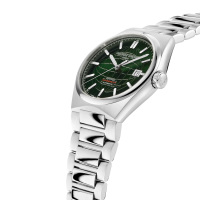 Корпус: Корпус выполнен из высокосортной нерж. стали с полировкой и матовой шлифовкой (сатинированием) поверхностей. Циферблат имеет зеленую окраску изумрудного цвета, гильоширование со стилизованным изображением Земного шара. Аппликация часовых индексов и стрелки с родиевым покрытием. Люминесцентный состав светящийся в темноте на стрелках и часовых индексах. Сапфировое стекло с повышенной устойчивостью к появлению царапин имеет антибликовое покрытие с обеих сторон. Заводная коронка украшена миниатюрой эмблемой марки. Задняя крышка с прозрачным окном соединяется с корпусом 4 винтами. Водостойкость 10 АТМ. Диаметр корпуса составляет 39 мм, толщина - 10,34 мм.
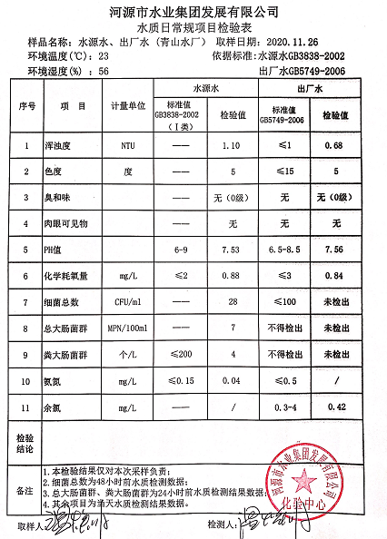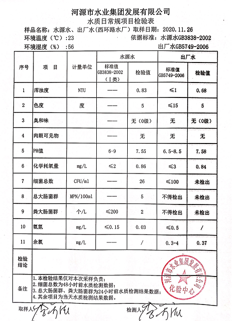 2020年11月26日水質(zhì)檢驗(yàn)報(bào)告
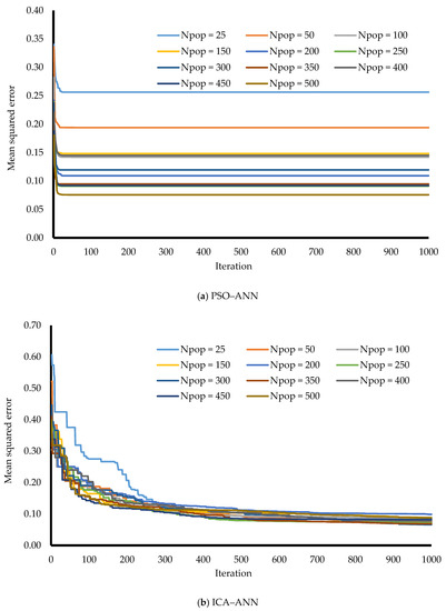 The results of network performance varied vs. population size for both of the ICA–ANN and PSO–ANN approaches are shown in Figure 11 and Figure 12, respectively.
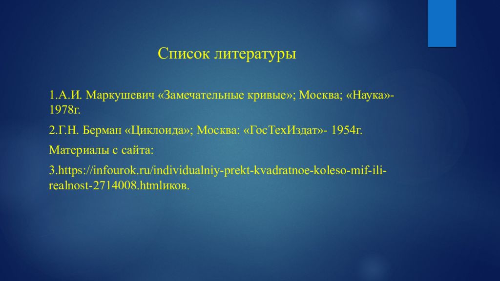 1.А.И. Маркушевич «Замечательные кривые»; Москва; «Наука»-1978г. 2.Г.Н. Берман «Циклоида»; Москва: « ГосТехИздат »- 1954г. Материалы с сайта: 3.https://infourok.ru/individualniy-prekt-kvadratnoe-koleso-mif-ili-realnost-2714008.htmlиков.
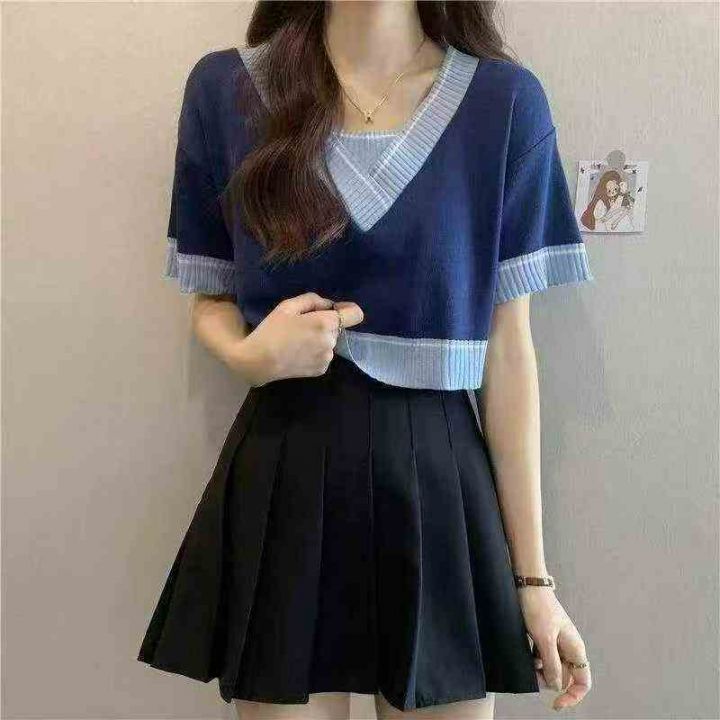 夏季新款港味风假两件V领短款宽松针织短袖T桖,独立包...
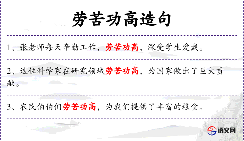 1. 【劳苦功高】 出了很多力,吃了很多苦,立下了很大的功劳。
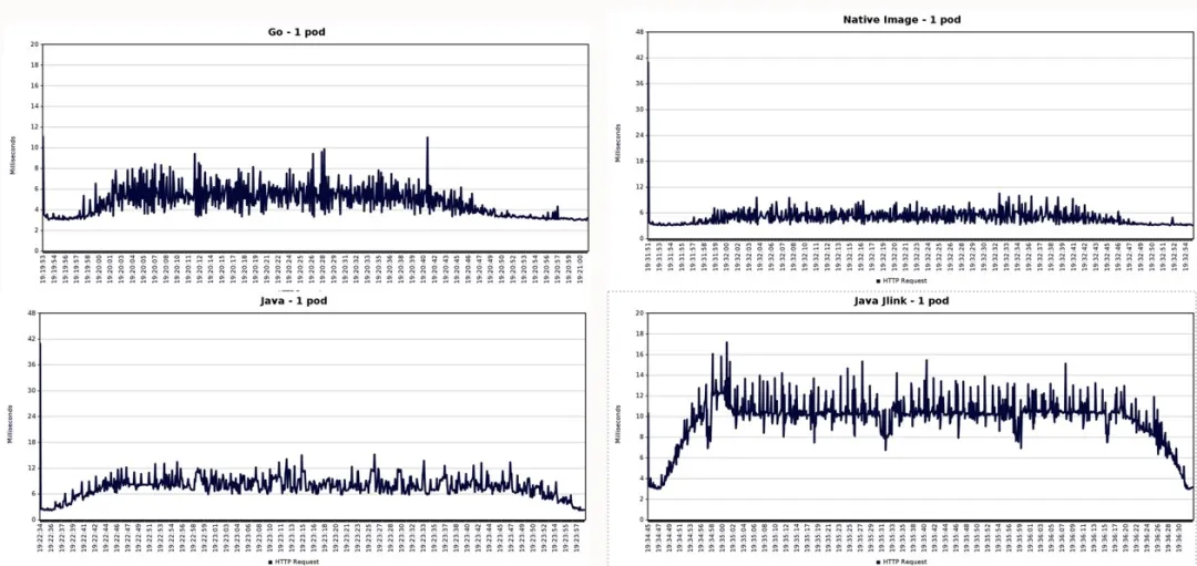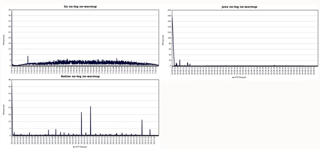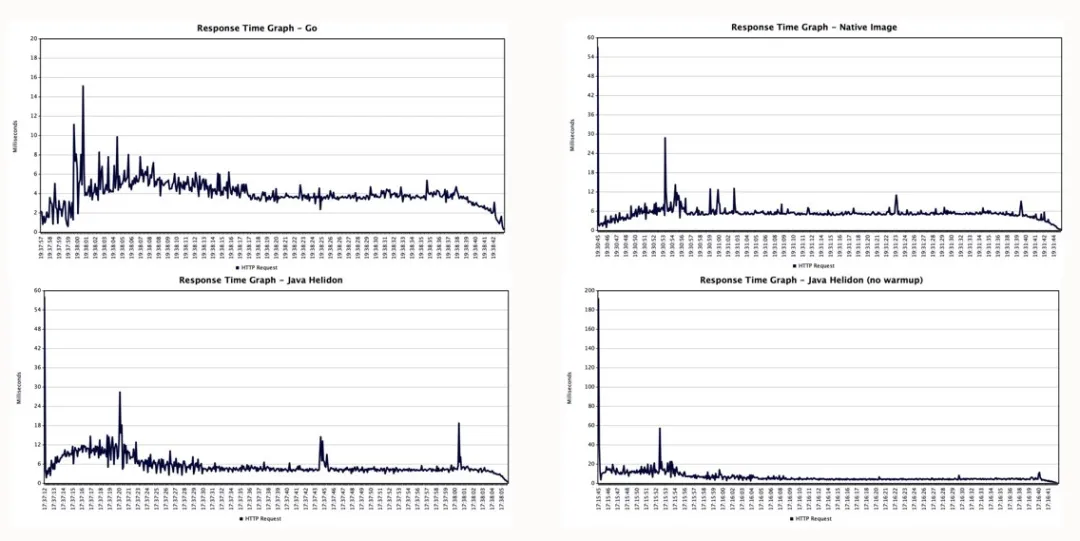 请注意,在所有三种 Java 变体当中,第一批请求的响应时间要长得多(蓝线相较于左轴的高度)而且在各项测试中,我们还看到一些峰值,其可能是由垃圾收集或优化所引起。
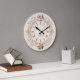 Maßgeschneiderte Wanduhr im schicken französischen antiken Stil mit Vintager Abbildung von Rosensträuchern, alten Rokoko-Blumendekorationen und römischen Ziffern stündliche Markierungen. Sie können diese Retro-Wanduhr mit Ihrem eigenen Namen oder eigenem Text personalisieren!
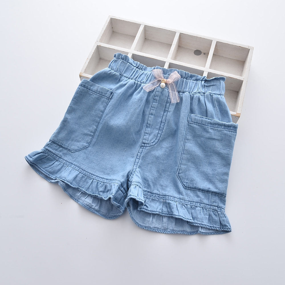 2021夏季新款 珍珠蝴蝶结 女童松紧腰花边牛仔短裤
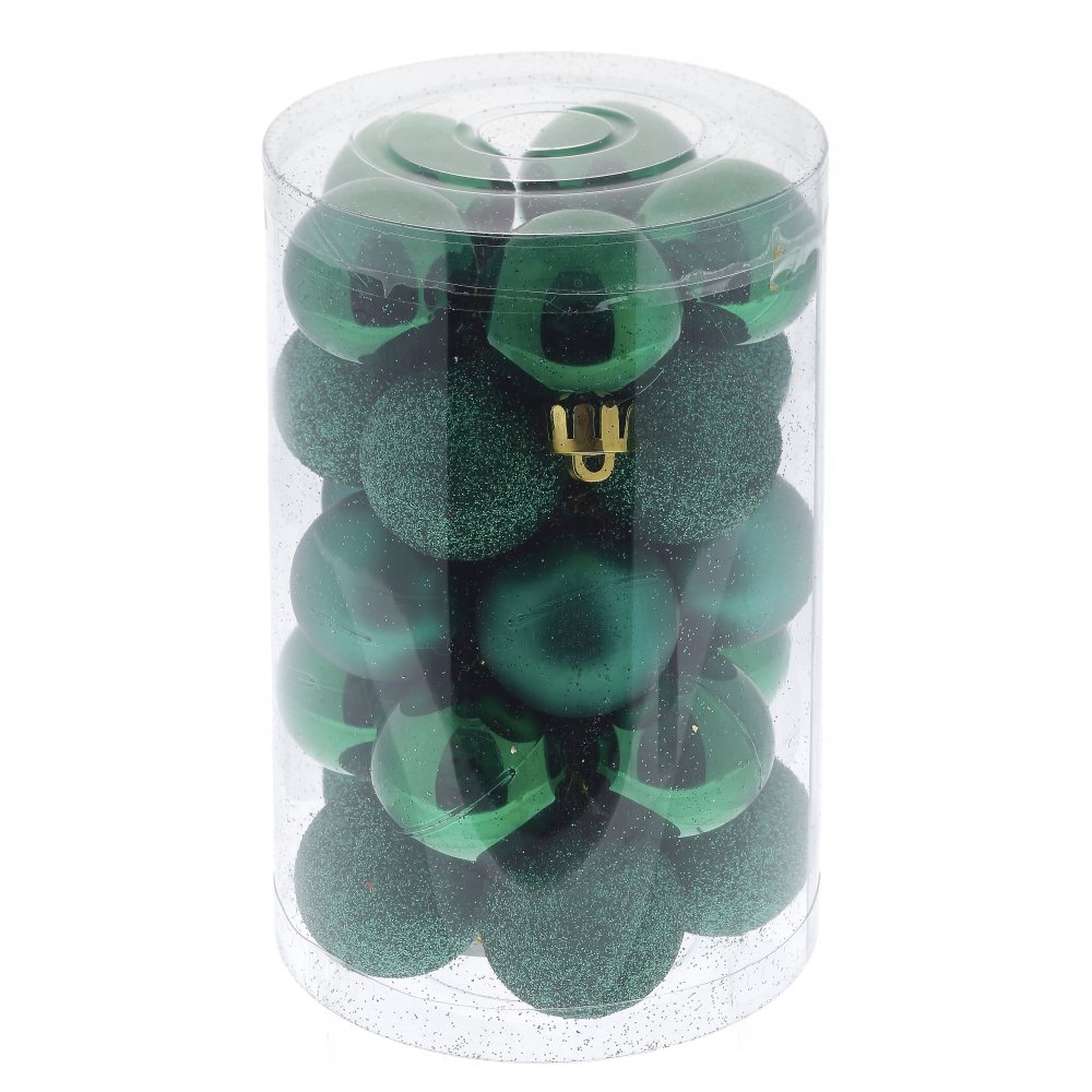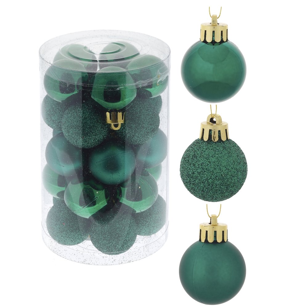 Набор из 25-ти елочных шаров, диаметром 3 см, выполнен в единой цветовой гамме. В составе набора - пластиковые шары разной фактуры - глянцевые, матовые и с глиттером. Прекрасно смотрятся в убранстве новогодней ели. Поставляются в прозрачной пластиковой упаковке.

> Work required
What you give back must be exactly the lines from the opening line of the entries through the line holding "2021夏季新款 珍珠蝴蝶结 女童松紧腰花边牛仔短裤", with no pictures.

> Written reply
 Корпус: Корпус выполнен из высокосортной нерж. стали с полировкой и матовой шлифовкой (сатинированием) поверхностей. Циферблат имеет зеленую окраску изумрудного цвета, гильоширование со стилизованным изображением Земного шара. Аппликация часовых индексов и стрелки с родиевым покрытием. Люминесцентный состав светящийся в темноте на стрелках и часовых индексах. Сапфировое стекло с повышенной устойчивостью к появлению царапин имеет антибликовое покрытие с обеих сторон. Заводная коронка украшена миниатюрой эмблемой марки. Задняя крышка с прозрачным окном соединяется с корпусом 4 винтами. Водостойкость 10 АТМ. Диаметр корпуса составляет 39 мм, толщина - 10,34 мм.
 2020年11月26日水質(zhì)檢驗(yàn)報(bào)告
 The results of network performance varied vs. population size for both of the ICA–ANN and PSO–ANN approaches are shown in Figure 11 and Figure 12, respectively.
 1.А.И. Маркушевич «Замечательные кривые»; Москва; «Наука»-1978г. 2.Г.Н. Берман «Циклоида»; Москва: « ГосТехИздат »- 1954г. Материалы с сайта: 3.https://infourok.ru/individualniy-prekt-kvadratnoe-koleso-mif-ili-realnost-2714008.htmlиков.
 夏季新款港味风假两件V领短款宽松针织短袖T桖,独立包...
 1. 【劳苦功高】 出了很多力,吃了很多苦,立下了很大的功劳。
 请注意,在所有三种 Java 变体当中,第一批请求的响应时间要长得多(蓝线相较于左轴的高度)而且在各项测试中,我们还看到一些峰值,其可能是由垃圾收集或优化所引起。
 Maßgeschneiderte Wanduhr im schicken französischen antiken Stil mit Vintager Abbildung von Rosensträuchern, alten Rokoko-Blumendekorationen und römischen Ziffern stündliche Markierungen. Sie können diese Retro-Wanduhr mit Ihrem eigenen Namen oder eigenem Text personalisieren!
 2021夏季新款 珍珠蝴蝶结 女童松紧腰花边牛仔短裤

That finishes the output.